What is a Huffman tree?
Given N weights as N leaf nodes, a binary tree is constructed, and if the weighted path length (WPL) of the tree reaches a minimum, such a binary tree is called an optimal binary tree, also known as a Huffman tree. Huffman tree is the tree with shortest weighted path length, and the nodes with larger weights are closer to the root.
Figure 1 A Huffman tree
1. Path and Path Length
A path between child or grandchild nodes reachable from a node down in a tree is called a path.

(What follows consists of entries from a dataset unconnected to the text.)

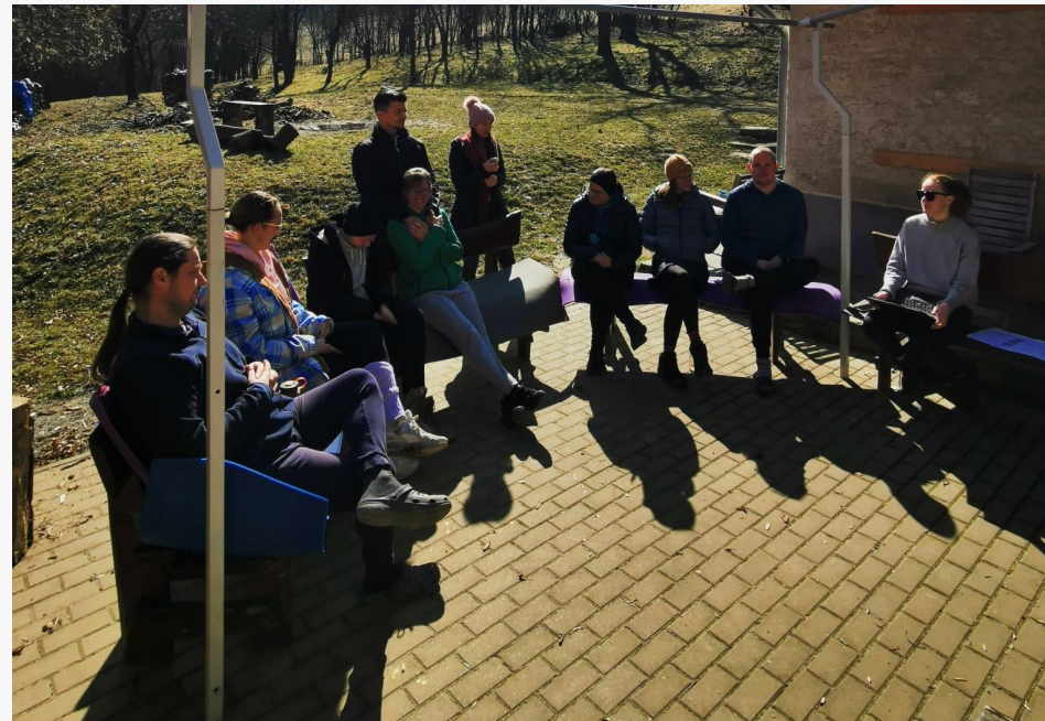
Fotky z Valného zhromaždenia, marec 2023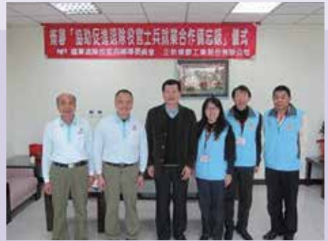
就業站與廠商簽署合作備忘錄（103.1）。

本處就業站平時極積開發廠商簽署合作備忘錄、招開職職班別及與地方就業站合作促進就業媒合外，為因應募兵制，造成退伍即失業之窘境，10年度起針對新退榮民，詢問求職需求並建立專業人才資料庫，定期將專業名單提供合作廠商，以解決廠商招募人才之即時需求，並促進榮民就業以達雙贏局面。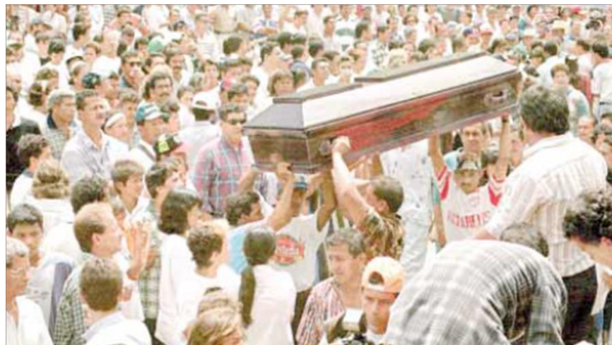
Figura 3. Marcha fúnebre, movilización de familiares, organizaciones sociales y población civil de la ciudad 145 .

“¡Fuera los paramilitares de Barrancabermeja!” 144 .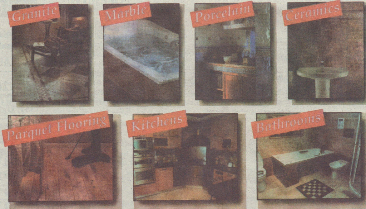
Specialists in Granite Worktops and Marble Vanity Tops to order

ELITE TILES are undeniably UK's No.1 Importers, Distributors, Wholesalers and Retailers of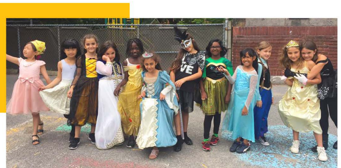
Camp de Jour, 2018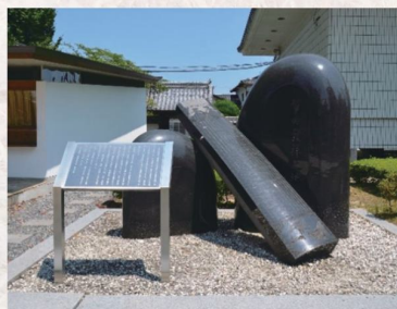
「箏曲発祥之地」記念碑(善導寺)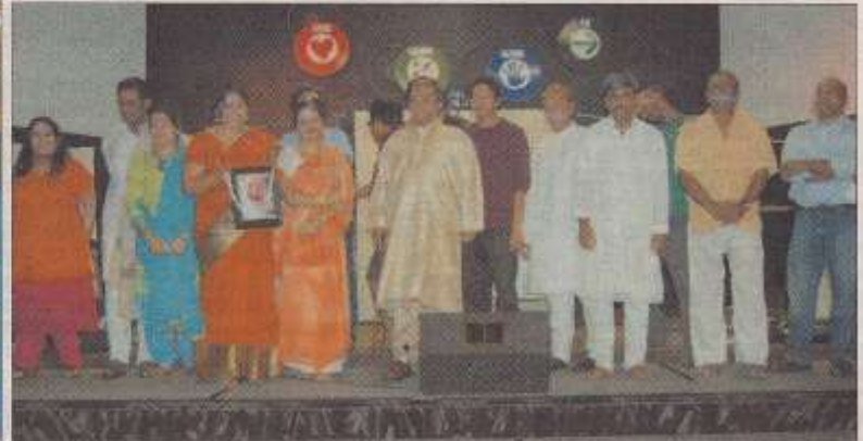
শুকিয়ানা ৷ সাহিত্য ও সাংস্কৃতিক সমাবেশে ভাড়াটে চাই নাটকের অভিনেতা-অভিনেত্রীবৃন্দ। ছবি-ঠিকানা।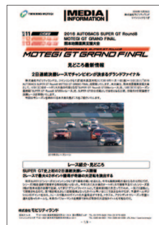
プレスリリース 10月28日(金)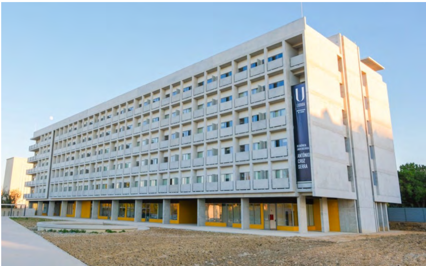
Residência António Cruz Serra integra o programa das novas residências universitárias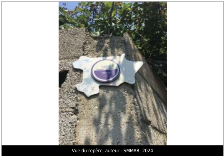
Vue du repère, 2024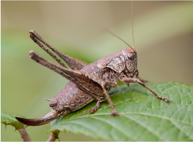
Weibchen / Bild: Florin Rutschmann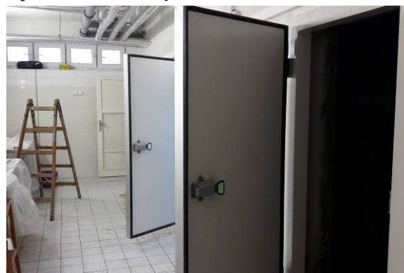
Rekonstrukce chladícího zařízení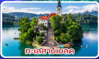
ทะเลสาบเบลด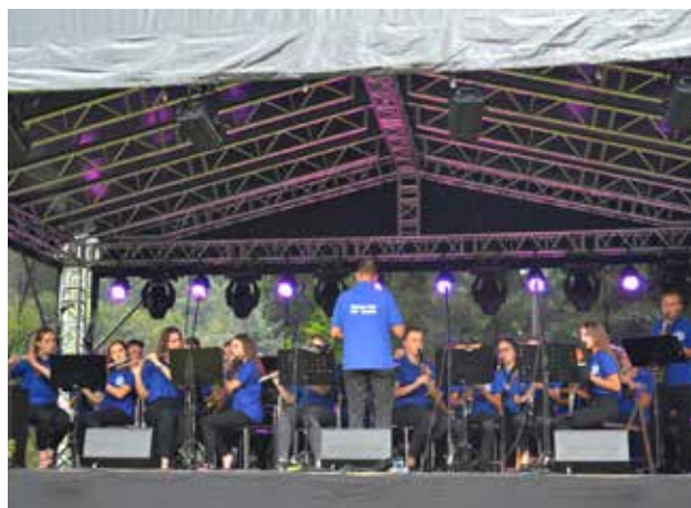
Orkiestra Dęta OSP z Tokarni

W międzyczasie przy kościele na dzień wcześniej rozłożonej plenerowej scenie obsługa przygotowywała nagłośnienie na popołudniowy festyn. Po mszy św. nastąpiła uroczysta procesja, prowadzona przez ministrantów, poczty sztandarowe: Ochotniczej Straży Pożarnej, Szkoły Podstawowej i Gimnazjum, Arcybactwa Straży Honorowej Najświętszego Serca Pana Jezusa oraz członkinie Koła Gospodyń Wiejskich z Więcierzy niosące różaniec. Następnie mieszkańcy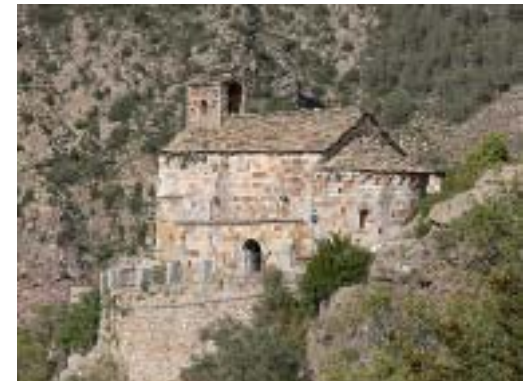
El Santuari de la Mare de Déu D'Arboló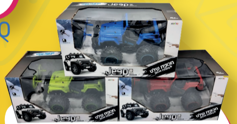
מכונית על שלט בטענת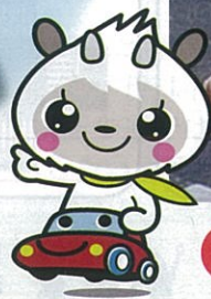
長野県交通安全協会マスコット 「あんきょーくん」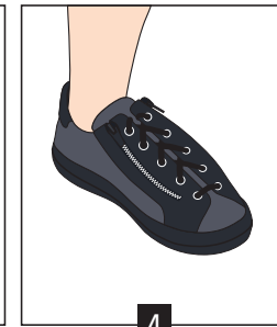
4 Fermer la chaussure avec les lacets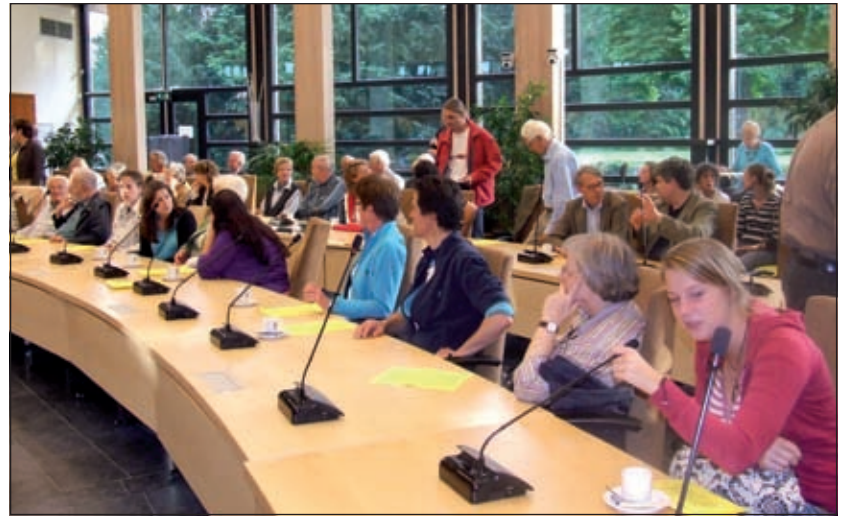
Nog nooit zoveel mensen bij een Europadebat.

SGP geldt: samenwerken waar nodig, maar verder alles zo laag mogelijk regelen.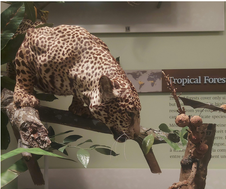
Foto de uma onça pintada também tirada no museu Royal Ontario Museum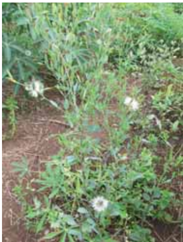
Gulma P. rudérale .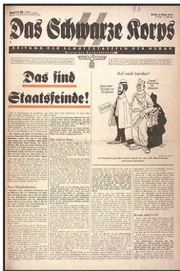
«Das Schwarze Korps» έφημερίδα τών SS.

Οί Γερμανοί, πήραν άκόμη κάθε μέτρο προφύλαξης για νά διασφαλίσουν ότι θά έπαυε ν' άναμειγνύεται τó αίμα τών Έβραίων μέ τó αίμα άλλων λαών.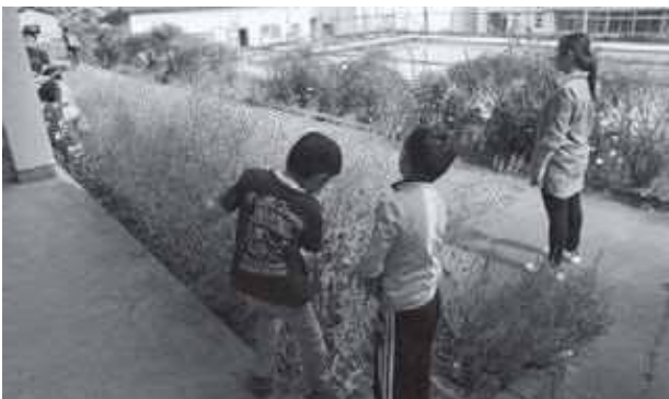
市民センター前の畑の草取り

子ども教室にくと、まずは宿題を終わらせてから、ボール遊びや追いかっこなどで汗だくになりながら体を動かしたり、静かに折り紙をしたり、トランプをしたり、様々な活動に自由に取り組んでいます。天気の良い日には、市民センターのすぐ近くにある「じじ山」（山林を畑や広場として整備した私有地）に行っで遊んだり、水路でザリガニ捕りもしました。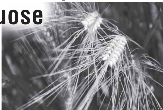
Ar nokstančios varpos pranašauja gerą derlių?

Atrodo, dar tik prasidėjo vasara, o daugelyje laukų miežiai jau gelsta, spartus jų nokimas artina javapjūtę, bet ar ji pripildys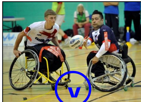
The marker shall wait until it is tapped on the ground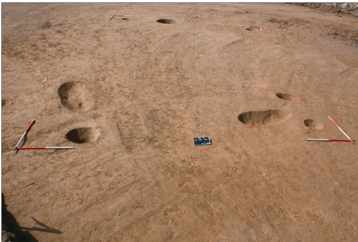
Sl. 7 Ostaci kuće na jugoistočnom dijelu nalazišta.

For example, the path from the root node to node b in Figure 1 is called a path.
For each node in a path, the path length is incremented by 1. If the number of root nodes is 1, then the path length from root node to Lth node is L-1.
For example, the path length from root node to node c in Figure 1 is 4 - 1 = 3.
2. Weight of nodes and weighted path length
If a node in a tree is assigned a value with some meaning, this value is called the node's weight.
For example, the weights of abcd nodes in Figure 1 are 12, 5, 6, and 21, respectively.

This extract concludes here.